Answer **Choices 1, 2, 3.** Choice 4 is wrong (forward-mode goes forward). Choice 5 is the common misconception: even with `+=`, a node visited too early reads an incomplete `.grad` and propagates the wrong magnitude to its parents.

q-07-03 — Diamond trace (free)

L = (a*b + c)*(a - c) with a=2, b=3, c=4. Compute the gradients, show the two paths to ∂L/∂a.

Answer - **∂L/∂a** via `(a·b + c)`: `f · b = -2 · 3 = -6`. - **∂L/∂a** via `(a - c)`: `e · 1 = 10 · 1 = 10`. - **Sum:** `-6 + 10 = 4`. - **∂L/∂b** = `f · a = -2 · 2 = -4`. - **∂L/∂c** = `-2 + (-10) = -12`.

q-07-04 — Finite differences vs PyTorch as oracle (free)

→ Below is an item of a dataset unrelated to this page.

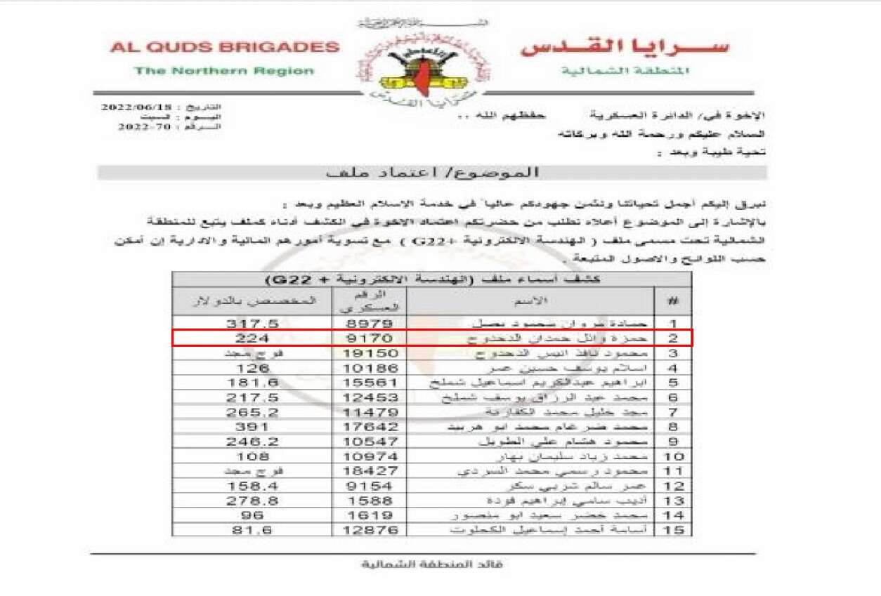 חמזה ואאל חמדאן אל-דחדוח שימש כפעיל בג'יהאד האסלאמי שביצע פעולות טרור נגד מדינת ישראל. במסמכים שאותרו על ידי כוחות צה"ל, הופיע שמו של אל-דחדוח ברשימה של פעילים מתחום ההנדסה האלקטרונית של ארגון הטרור. במסמכים הופיע גם כי בעבר הוא שימש כסגן מפקד מחלקה בגדוד זייתון בארגון, וכיום הוא אחראי גזרה ביחידה הרקטית של שלו.
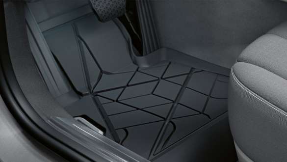 Precisely fitted protection against moisture and dirt in the front footwell. Featuring a black design with a stainless steel inlay, they perfectly complement the interior.

Answer Finite differences carry two errors: **truncation** (`O(ε²)` for central differences) and **floating-point cancellation** (large for small ε). The "right" ε is problem-dependent; you stack tolerances on tolerances. PyTorch (or any symbolic AD) computes the **exact** derivative algebraically — reproducible to machine precision, the better oracle.

q-07-05 — zero_grad necessity

  1. Because backward leaks memory if grads aren't reset.
  2. Because backward accumulates with +=; forgetting to zero means step N's gradient is the sum of steps 1..N — effective step size grows linearly, loss diverges.
  3. Because optimizer.step is non-idempotent.
  4. Because PyTorch raises if .grad is not None.
Answer **Choice 2.** The same `+=` that enables the diamond pattern also makes gradients persist across steps. By step 100, effective lr = 100× the configured lr.